May 26, 2005 | Read Time: 3 minutes

Three universities and one medical center have received big gifts:

  • William and Mary Diederich have pledged $28-million to Marquette University, in Milwaukee, for its College of Communication. The money will endow building renovations, professorships, scholarships, and research, and pay for guest speakers. It will also be used to update the college’s audio and visual broadcasting studios. The couple, who are both alumni, live in Incline Village, Nev. Mr. Diederich, who retired from Landmark Communications, in Norfolk, Va., in 1990, helped start the Weather Channel, and Ms. Diederich is a musician.
  • Rush University Medical Center, in Chicago, has received a $20-million pledge from John M. Boler, of Chicago, chairman of the Boler Company, a manufacturer of truck-suspension systems in Itasca, Ill., and his wife, Mary Jo, for a new advanced imaging center and an endowment. The money will be paid out over five years. Mr. Boler is a trustee of the medical center, and both he and Ms. Boler have been patients at Rush Medical Center.
  • The University of California at Berkeley has received a pledge of $16-million from Charles T. Travers, of Greenbrae, Calif., a former U.S. Army colonel and the retired vice president of land development at BHP Utah Minerals International. Mr. Travers, a 1932 graduate of the university, earmarked $12-million of the gift, which will be paid over 10 years, for an endowment in the university’s political-science department that will pay for faculty recruitment, graduate-student fellowships, and undergraduate scholarships. The remaining $4-million will be used for the university’s football program.
  • Columbia University, in New York, has received a $12-million pledge from H.F. (Gerry) Lenfest, founder of Lenfest Communications, in Wilmington, Del., and chair of the Lenfest Foundation, in West Conshohocken, Pa. The money will establish the Distinguished Columbia Faculty Awards, which will honor exceptional teaching in the arts and sciences. Mr. Lenfest serves on the university’s Board of Trustees.

Other recent gifts:

Archer School for Girls (Los Angeles): $5-million pledge from an anonymous donor to endow a financial-aid fund for needy students.
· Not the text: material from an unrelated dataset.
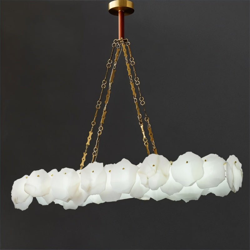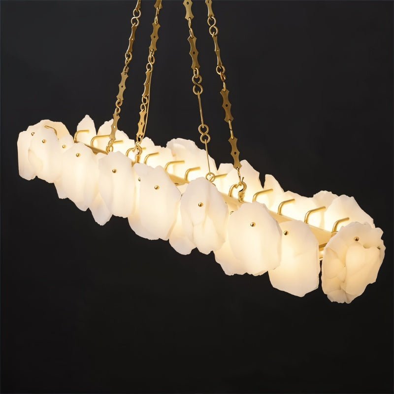 The chandelier is meticulously designed with a sturdy metal frame embracing translucent alabaster panels. The alabaster, known for its luxurious appearance, adds sophistication. When lit, it creates a warm glow, casting a soft ambiance in the room.

U. of Arkansas at Fayetteville: $7.6-million from Don Tyson, the former chairman of Tyson Foods, in Springdale, Ark., and his family for academic programs in the College of Agricultural, Food and Life Sciences, the Arkansas Center for Oral and Visual History, and a new fraternity house.

U. of Florida (Gainesville): $1-million pledge from John Higdon, a 1959 graduate of the university’s College of Business, and his wife, Emily, to provide fellowships for graduate students. Mr. Higdon, who has served on the university foundation’s Board of Directors, was president of Higdon Grocery, in Quincy, Fla., and now runs Higdon Investment, also in Quincy.


U. of Missouri at Columbia: $8.5-million from William and Nancy Thompson, of Newport Beach, Calif., for a new research center on autism and neurodevelopmental disorders. The money will help pay the salaries for five researchers at the center, and endow chairs in child health and radiology at the university’s medical school. Mr. Thompson, the chief executive officer of Pimco, an investment firm in Newport Beach, graduated from the university in 1968.

U. of North Carolina at Asheville: $3-million pledge from Steve and Frosene Zeis to establish two scholarship funds. Mr. Zeis attended the university but graduated from North Carolina State U., in Raleigh. The couple owns ZTM Sales and Service, a textile-machinery manufacturer in Asheville.